In this article, we present laser-field-dependent emission of high-order harmonics from a ROM driven by a two-cycle laser. For certain CEP values, this harmonic radiation supports a strongly isolated AP. An analysis based on spectral interferometry (SI) reveals the spectral phase difference between the pulses and the spectrum of the individual pulses in the attotrain. This information allows determining the temporal spacing and relative contrast between individual APs in a few-pulse attotrain as well as the denting of the reflecting solid-density PM31. The simultaneous measurement of the laser waveform provides clear demonstration of the CEP dependence of the underlying relativistic laser–plasma interaction.

## Results

### Experiment description

The experimental set-up is shown in Fig. 1. The multi-terawatt (multi-TW) peak power Light Wave Synthesizer 20 (LWS-20)44 was used as a laser source with a low-intensity PM for contrast improvement45 by a factor of 300. It provided a pulse energy of 40 mJ on-target after losses, which was focused with an off-axis parabolic (OAP) mirror to dFWHM = 1.3 μm, in an angle of incidence αinc = 55°, and p-polarization. Focus size and quality were controlled using a microscope objective, which can replace the target and image the attenuated beam focus to a charge-coupled device (MO+CCD). Chirp-scan technique with a home-made dazscope53 device was used to measure the on-target compression and optimize it with the help of the acousto-optic shaper (Dazzler) in the laser system. In combination with an almost octave-spanning spectrum, which is slightly red-shifted by the PM optics, it led to two-cycle laser pulses with slightly modified parameters (central wavelength of the laser λL = 765 nm, intensity full-width-half-maximum (FWHM) duration τFWHM = 5.1 fs) with ultra-relativistic peak intensity of IL = 1.3 × 1020 W cm−2 in focus, which corresponds to aL = 7 normalized vector potential defined as $$a_{\mathrm{L}} = \sqrt {I_{\mathrm{L}}({\mathrm{W cm}}^{ - 2})\lambda _{\mathrm{L}}^2({\mathrm{\mu m}})/1.38 \times 10^{18}}$$. Detailed information about the laser and the pulse characterization can be found in Methods and in ref. 44.

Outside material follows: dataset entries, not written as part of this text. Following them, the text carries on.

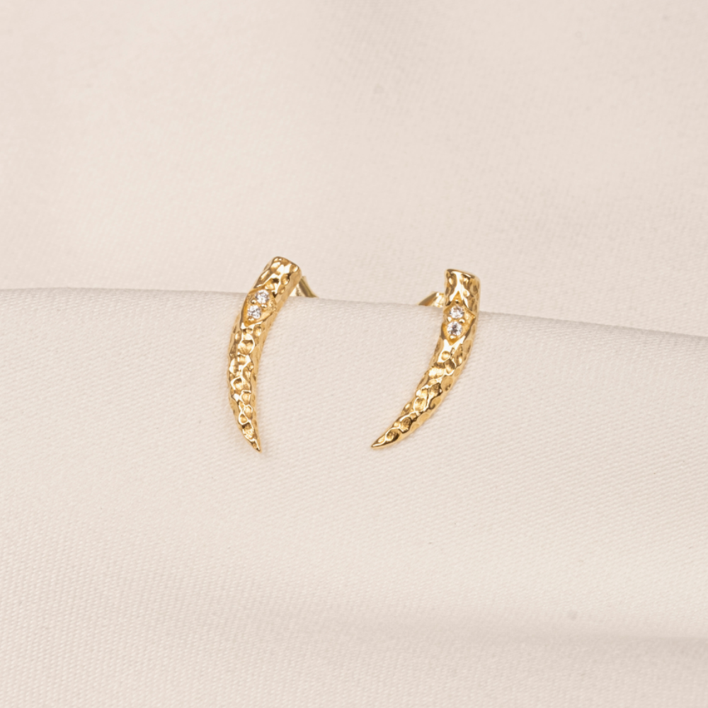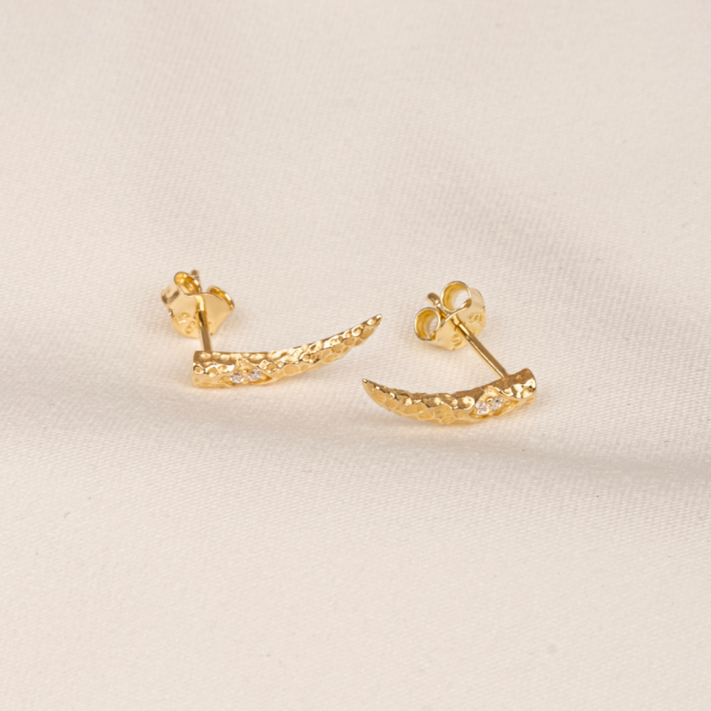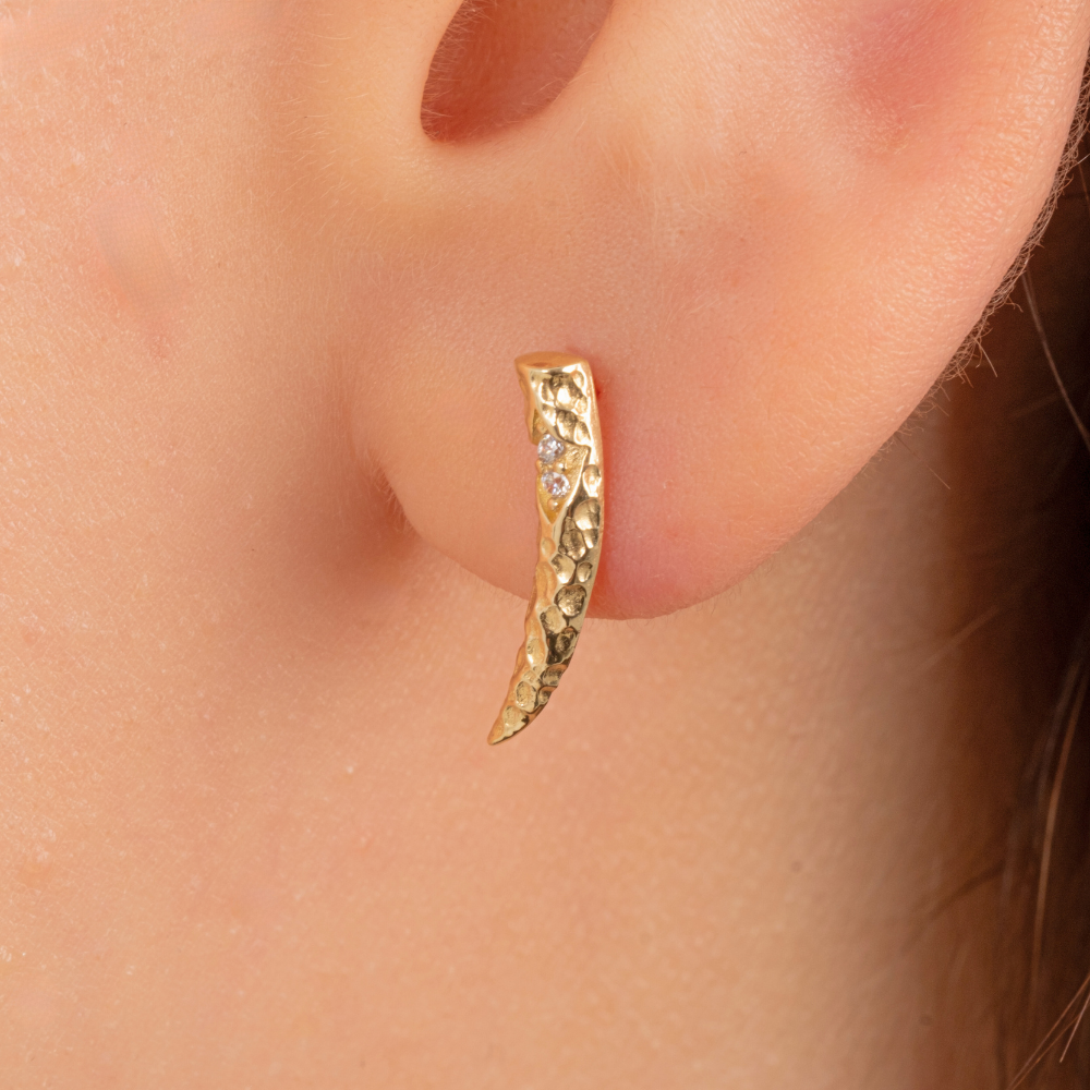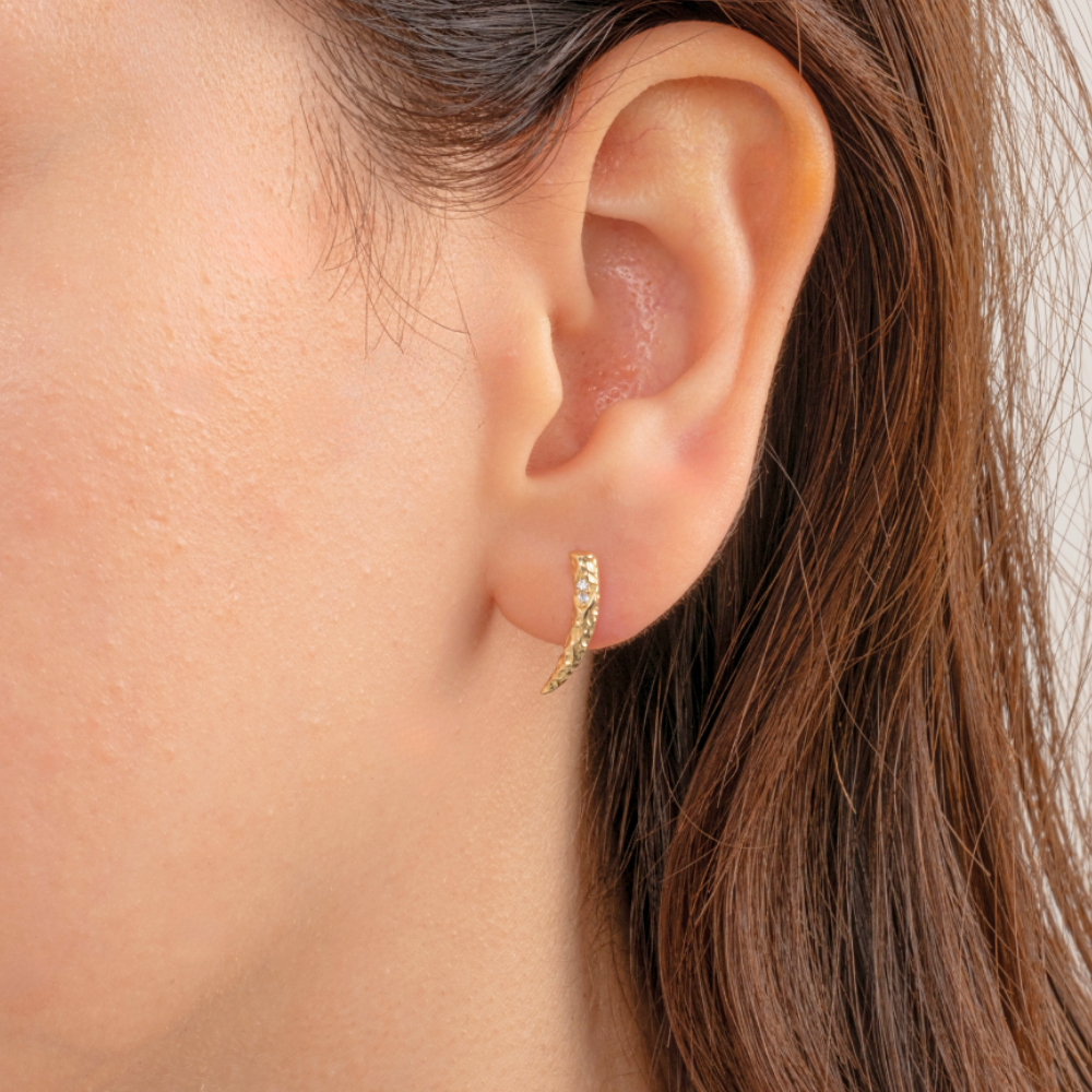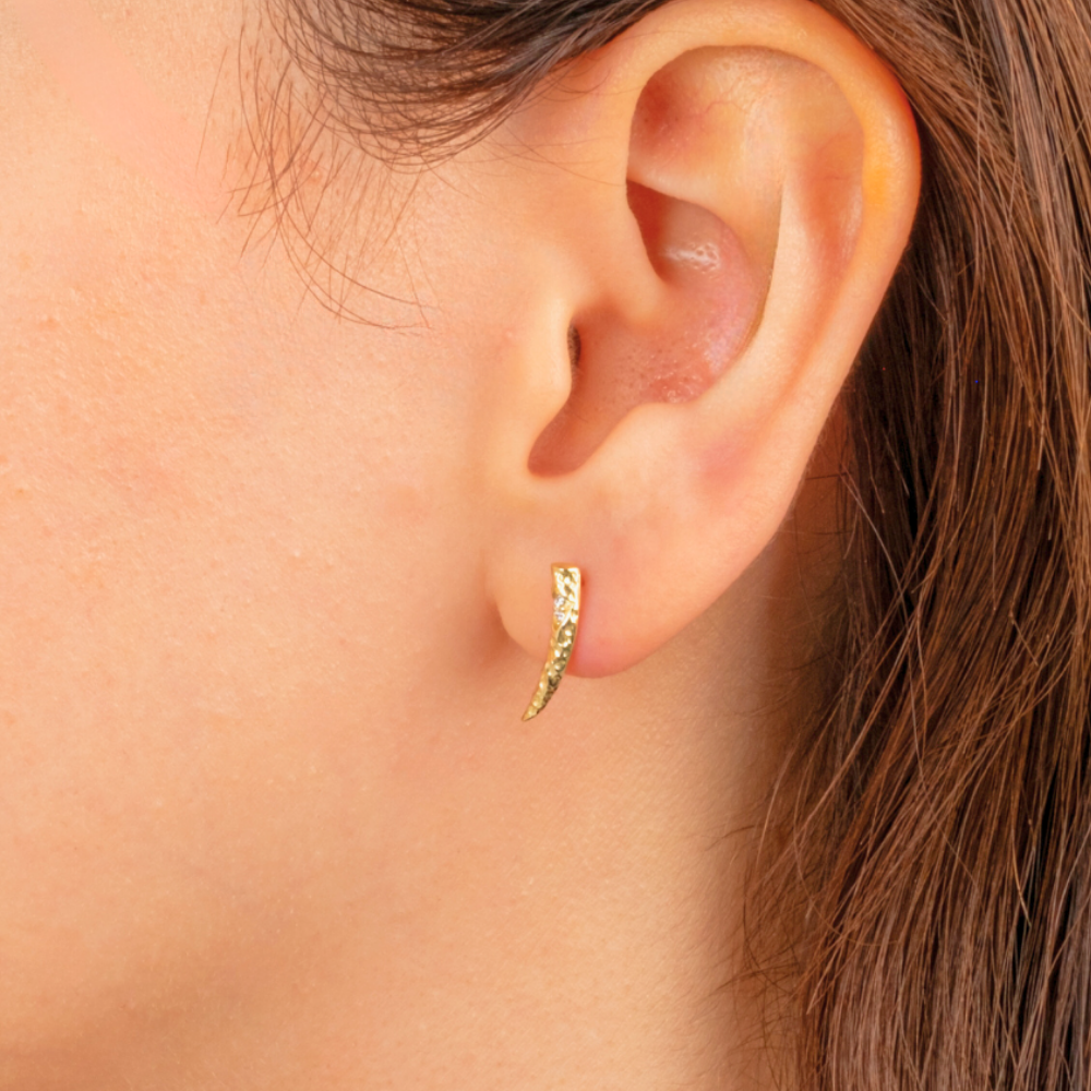 14 Ayar Altın Minimal Taşlı Dövülü Küpe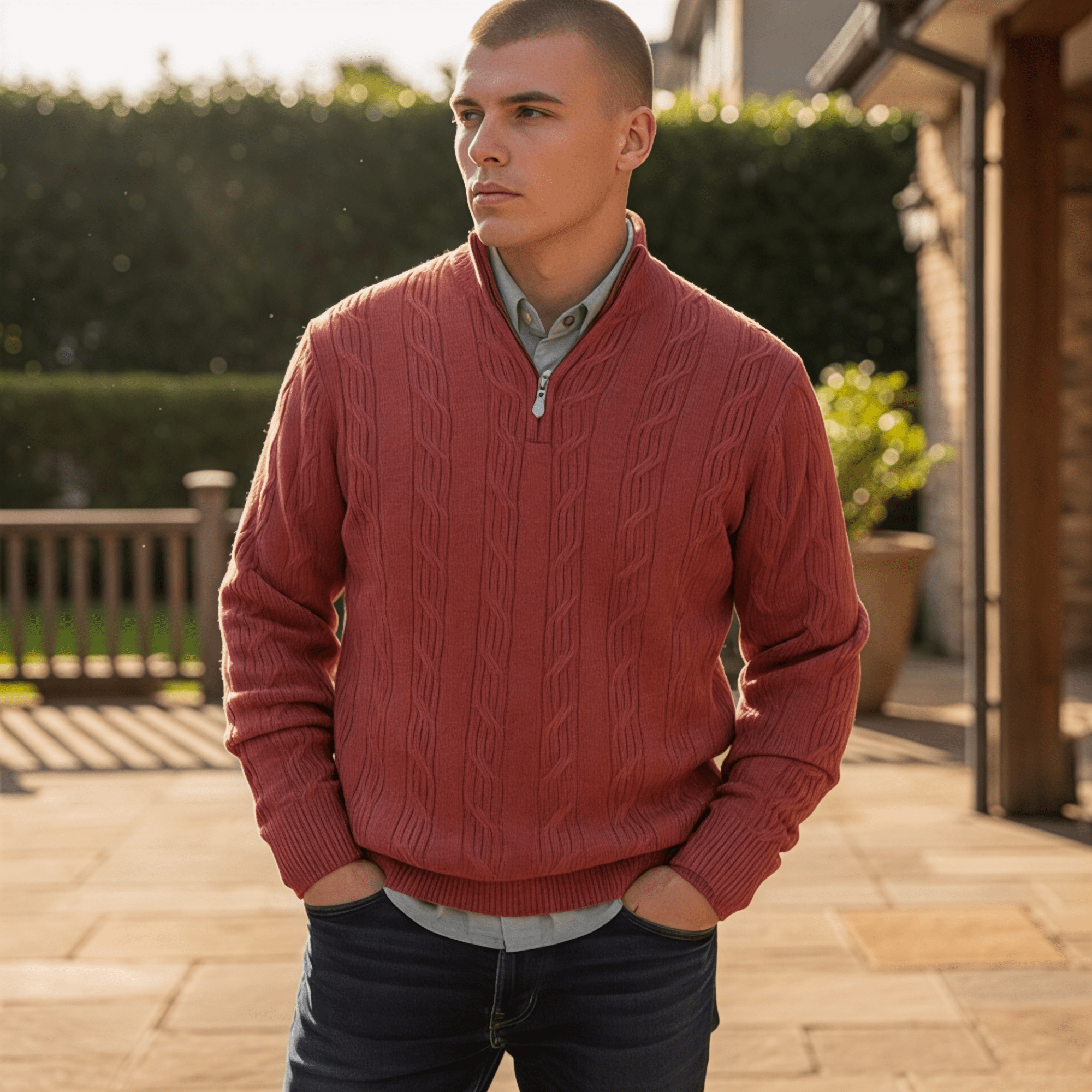 Alan Paine Luxborough Cashmere Cable Knit 1/4 Zip Sweater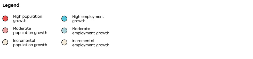 The patterns of growth in both population and employment are influenced by many factors. Some of these are under government control, such as policies and investments in infrastructure. Others are driven by external factors, like economic changes, shifts in how people travel, evolving work and lifestyle preferences, and the effects of climate change. In recent decades, these factors have changed significantly. Technological advances and shifts in society have transformed urban areas over time, and the COVID-19 pandemic has further disrupted and intensified these trends.

The laser was focused to a fused silica target and the created relativistic PM reflected the driver pulse together with generated XUV harmonic emission toward a flat-field imaging spectrometer equipped with a micro-channel plate and a CCD (XUV SPEC). Each recorded XUV spectrum was tagged with the relative CEP of the corresponding laser pulse, measured with a single-shot stereo above-threshold-ionization phasemeter54 (CEP-meter).

The XUV generation process is strongly dependent on the preplasma extension at the arrival of the main pulse33,34,35, that is the plasma scale length L (see Methods). Therefore, it significantly increases the requirements for the temporal laser contrast, which was characterized by a home-made third-order autocorrelator55 (THG-AC) when the PM was implemented. The contrast was estimated to be 10−19 beyond 30 ps and 3 × 10−8 at 1.5 ps before the main pulse44. A tailored prepulse with adjustable delay was introduced (see Methods), which together with the PM provided a complete control over the plasma scale length for optimization of the XUV generation efficiency and further investigation of the light–plasma interaction. The scale length for the different prepulses was estimated with the hydrodynamic code MEDUSA56 (see Methods).

### Waveform-dependent XUV spectra

High harmonics were generated up to 80 eV photon energy on plasma surfaces with optimal scale length. The harmonic spectra were fitted for many shots and found to scale with the harmonics frequency in a power law Iω~ω−2.55±0.21 for L/λL ≈ 0.13, close to the theoretically expected ROM scaling9 (dashed line in Fig. 2a shows a typical fit). For more details on the fit results, see Supplementary Table 1. We thus conclude that in the observed spectral range of 16–100 eV XUV emission was dominantly generated via the ROM mechanism. Measured spectra for two different CEPs with π difference (Fig. 2a) had harmonics with photon energies that did not correspond to the integer multiples of the laser central frequency (ω0 = 1.62 eV) and were shifted relatively to each other by ω0/2. In general, the photon energy of harmonics varied with CEP for different laser shots. Sorting the measured spectra according to the corresponding laser pulse ϕCEP reveals continuous shift of the photon energy of harmonics.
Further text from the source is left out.